Vaso v. Immigration & Naturalization Service

102 F. App'x 471
CourtCourt of Appeals for the Sixth Circuit
DecidedJune 17, 2004
DocketNo. 02-3854, A-73-655-223, A-73-655-224
StatusPublished

This text of 102 F. App'x 471 (Vaso v. Immigration & Naturalization Service) is published on Counsel Stack Legal Research, covering Court of Appeals for the Sixth Circuit primary law. Counsel Stack provides free access to over 12 million legal documents including statutes, case law, regulations, and constitutions.

Bluebook
Vaso v. Immigration & Naturalization Service, 102 F. App'x 471 (6th Cir. 2004).

Opinion

ORDER

Alket and Laura Vaso have petitioned for judicial review of an order by the Board of Immigration Appeals (BIA) that affirmed an immigration judge’s (IJ) finding that they were subject to removal despite their applications for asylum and the withholding of removal. The parties have waived oral argument and the panel unanimously agrees that oral argument is not needed in this case. Fed. R.App. P. 34(a).

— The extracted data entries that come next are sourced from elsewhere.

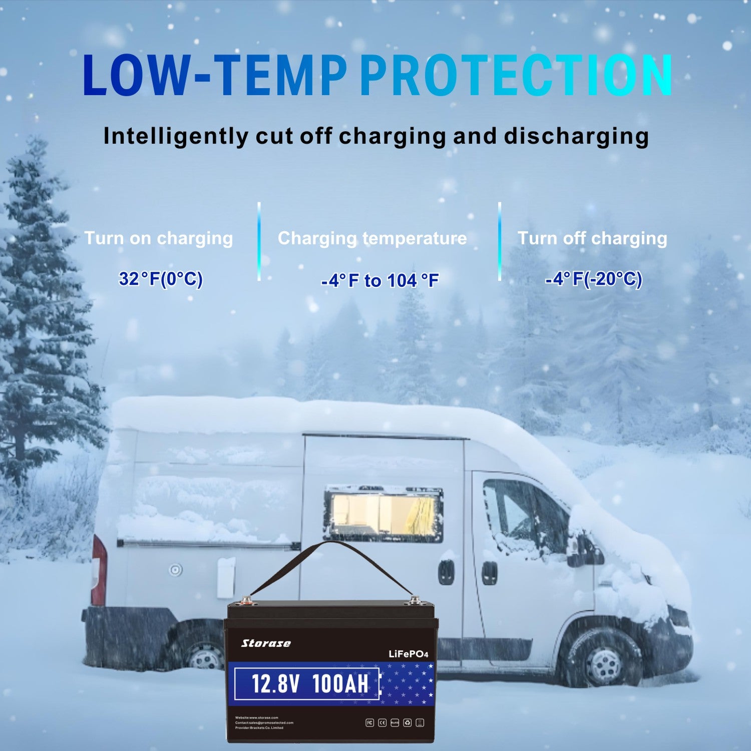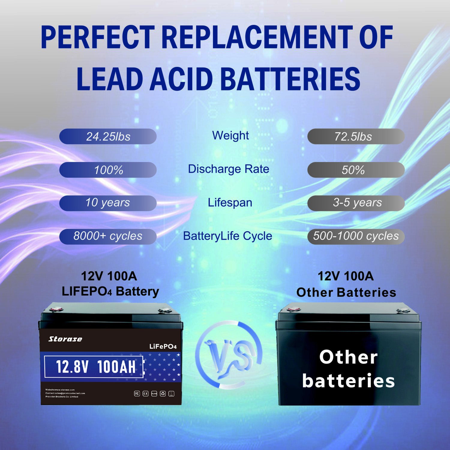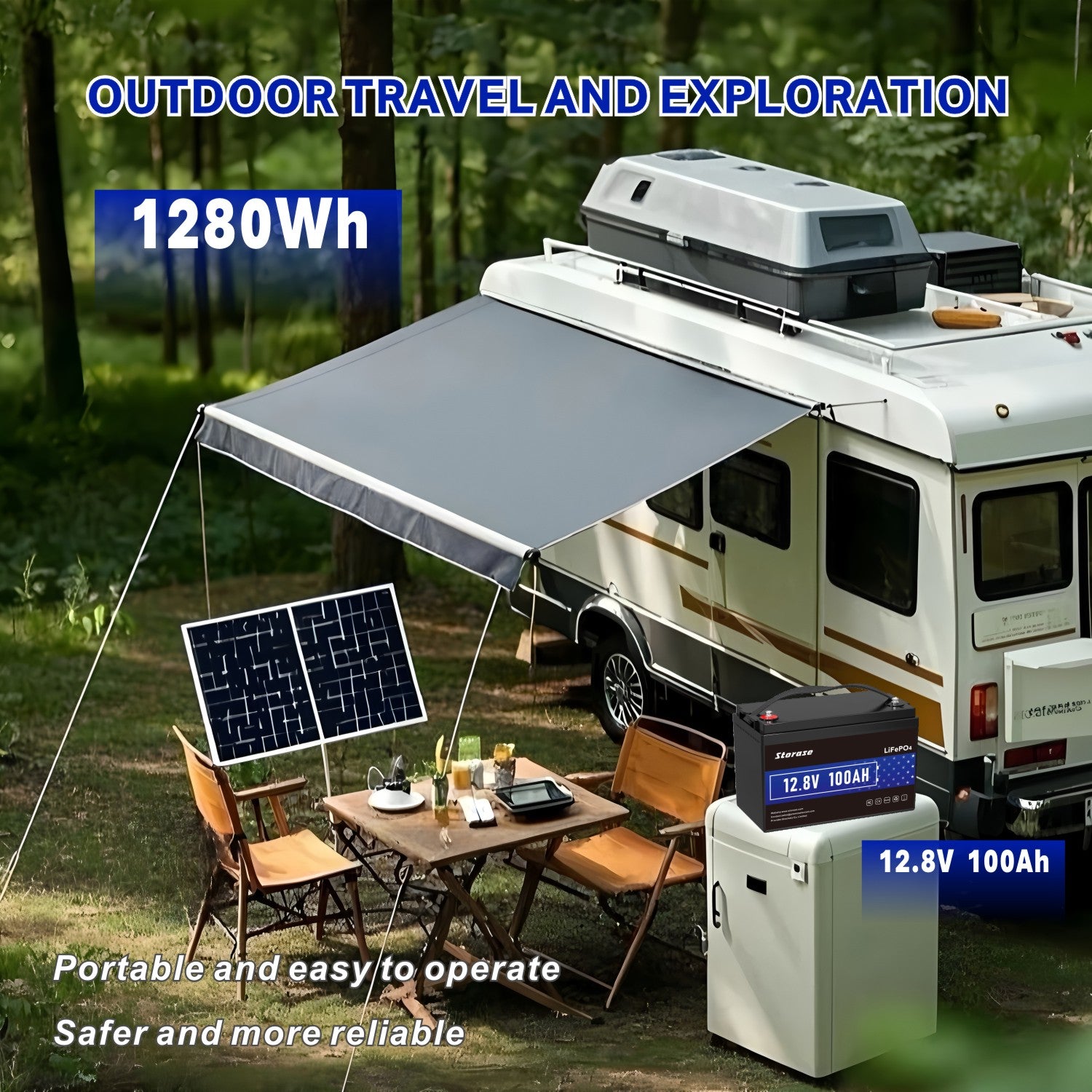 - 【1280Wh of Usable Energy Output】The 12V 100Ah LiFePO4 Battery provides a maximum power output of 1280Wh, which is two to three times that of a typical SLA battery of the same size. The maximum 100A continuous discharge current can power most electrical equipment.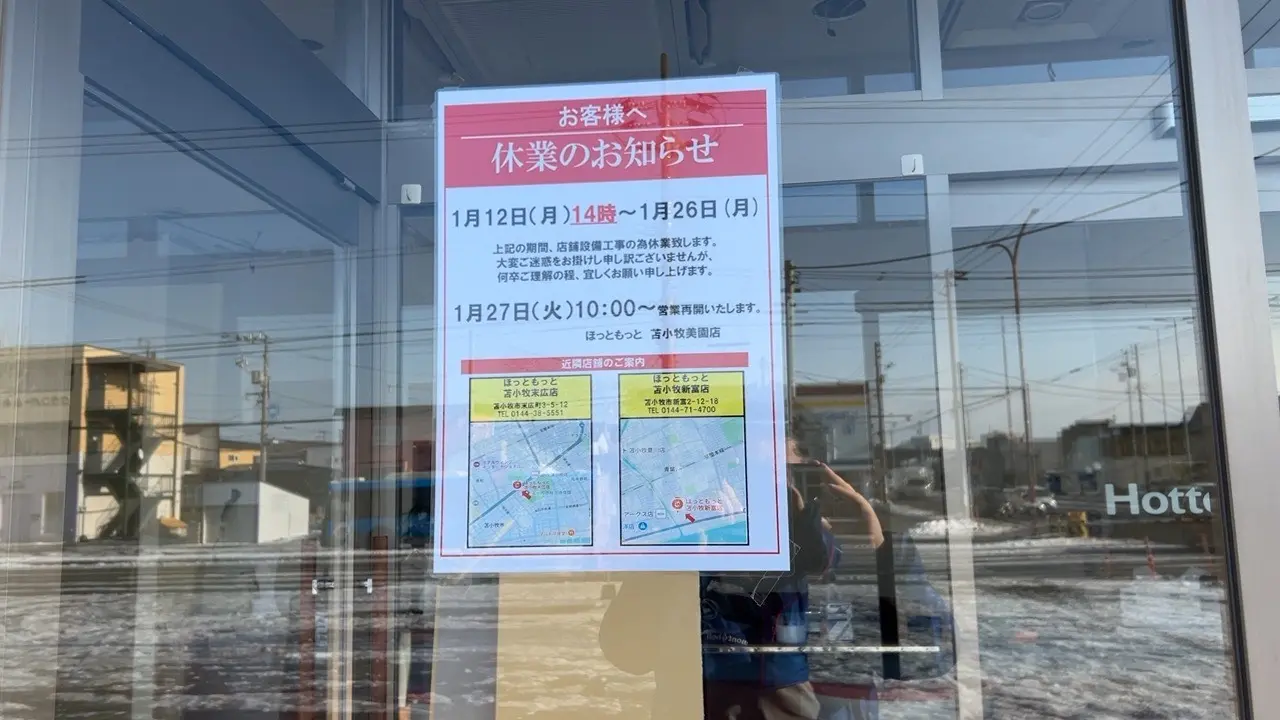 張り紙には「お客様へ休業のお知らせ」とあり、2025年1月12日(月)14時から1月26日(月)まで、店舗設備工事のため休業と記載されています。休業期間中の近隣店舗として、苫小牧末広店と苫小牧新富店が案内されていました。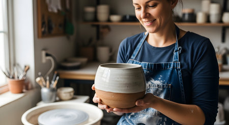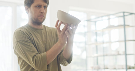 Craftsman Inspecting Newly Formed Ceramic Bowl in Bright Workshop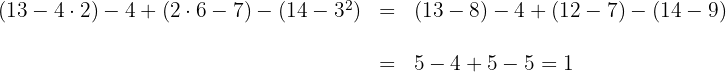 Realizamos las multiplicaciones, divisiones y las potencias, luego sumamos y restamos los elementos restantes
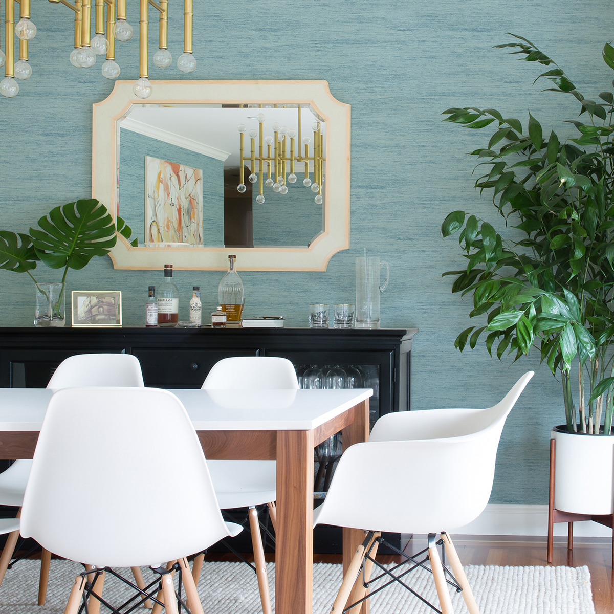 Give your walls subtle flair with faux fabric wallpaper. Aqua blue is streaked with darker blue and accented with a subtle icy shimmer. Lindsay is an unpasted, non woven backed vinyl wallpaper.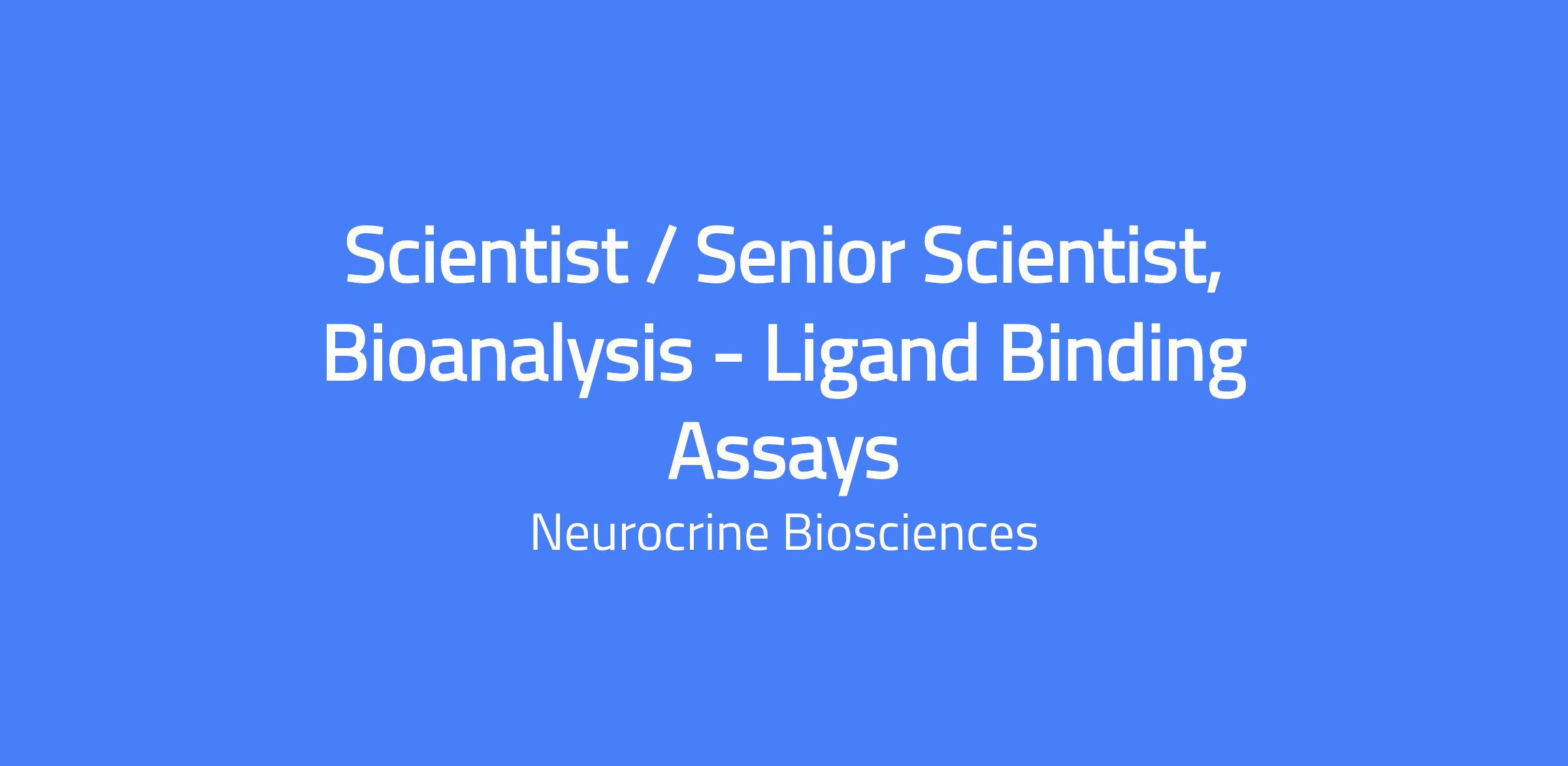 - Scientist or Senior Scientist (Bioanalysis) supporting early-stage biologics drug development programs.
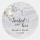 Script Sparkling Snow Winter Wedding Classic Round Sticker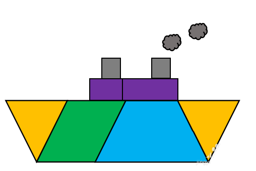 4、再次参照第一步操作,画出一个倒三角形,颜色、宽度、高度和第一步一样,然后放在最后,这样就画好了整个轮船的船体了。如下图所示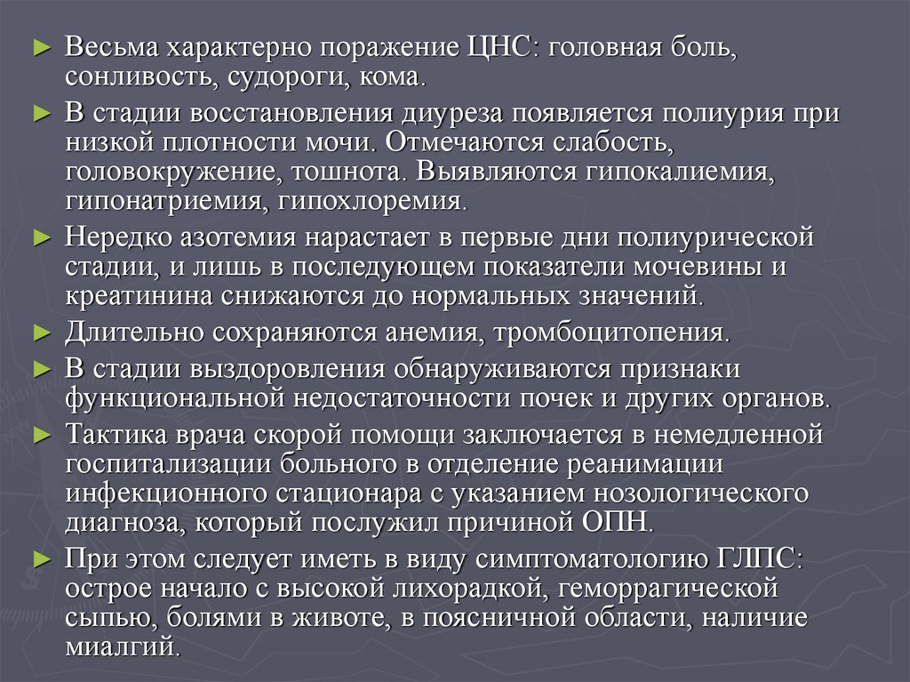 Проявляется синдромом ОПН и тяжелой общей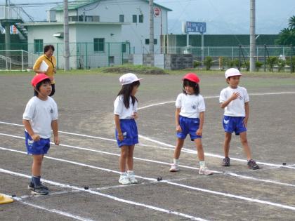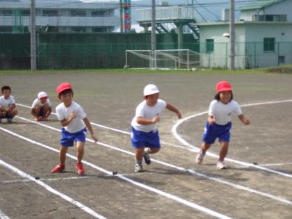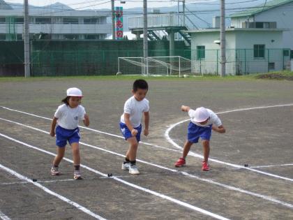 徒競走の練習をしました。名前を呼ばれたら、「はい!」と大きな声で返事をしてスタート地点につきます。「ようい、ドン!」で、元気よくスタート。ゴールをめざして力いっぱい走ります。当日もがんばります!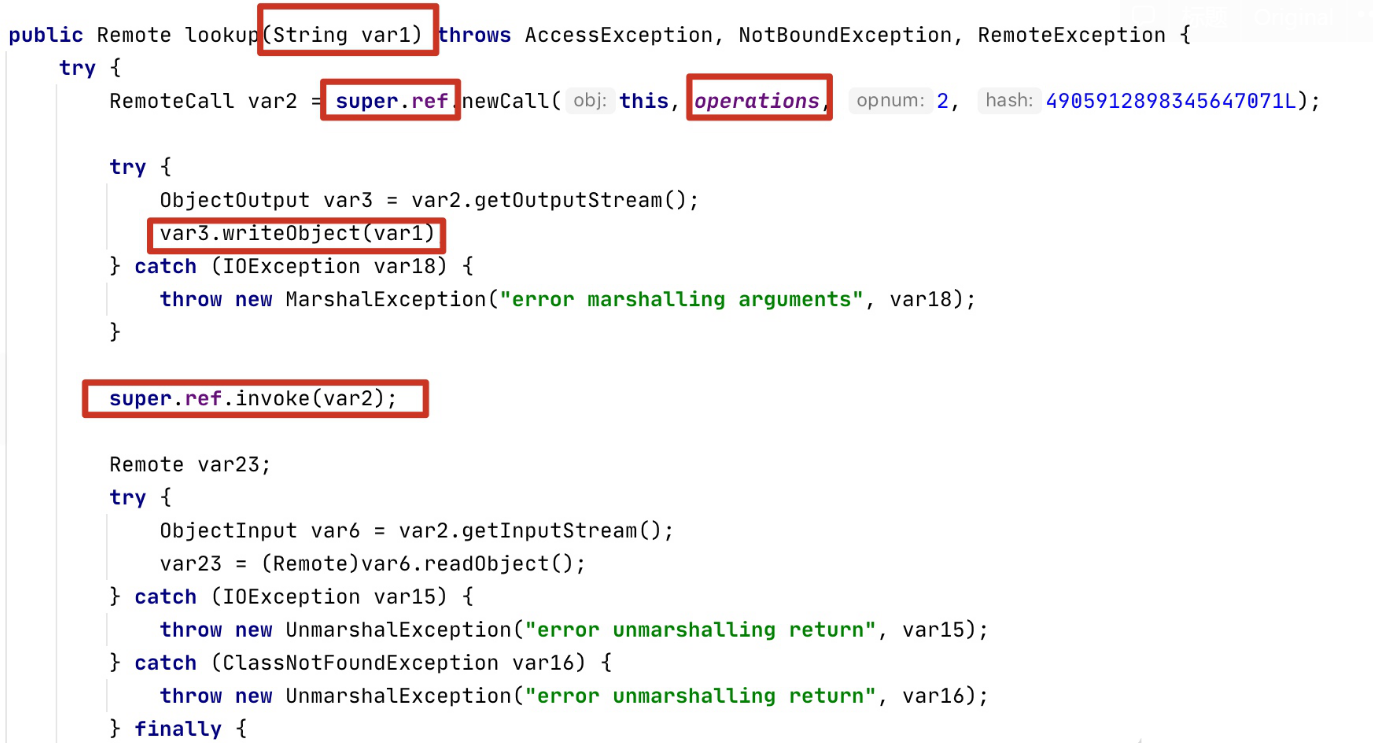 lookup和unbind只接收一个String类型的参数,不能直接传递一个对象反序列化。而注册中心在处理lookup请求时,是直接进行反序列化再进行类型转换。

The Vasos are natives and citizens of Albania. Laura Vaso was admitted to the United States on September 10, 1996, as a non-immigrant student authorized to remain until August 15, 1997. Alket Vaso was admitted to the United States on June 4, 1997, as a non-immigrant spouse of a student and was also authorized to remain in the United States until August 15, 1997. Neither departed the country. On November 12, 1997, the INS issued separate notices charging the Vasos with removability. At a hearing before an IJ, the Vasos conceded removability and applied for asylum. After the hearing, the IJ denied Alket’s request for asylum and withholding of removal, ordering him removed. The IJ denied asylum to Laura but granted her request for voluntary departure.

Following review of the IJ’s decision, a single member of the BIA determined that there was no reasonable possibility that the results reached by the IJ were incorrect. 8 C.F.R. § 1003.1(a)(7)(ii). Pursuant to § 1003.1(a)(7)(iii), the board member issued a “streamlined” order on June 23, 2002, which summarily affirmed, without opinion, the IJ’s decision.

The Vasos challenge the constitutionality of the Board’s streamlining procedures, arguing that the procedures violated their due process rights. However, in Denko v. INS, 351 F.3d 717, 727-32 (6th Cir.2003), the court found that the summary-affirmanee-without-opinion rule that renders the IJ’s decision the final agency order did not violate an individual’s due process rights. As this court specifically rejected in Denko the constitutional argument [473]*473raised by the Vasos, there are no grounds to review the BIA’s decision.

Accordingly, the petition for judicial review is denied.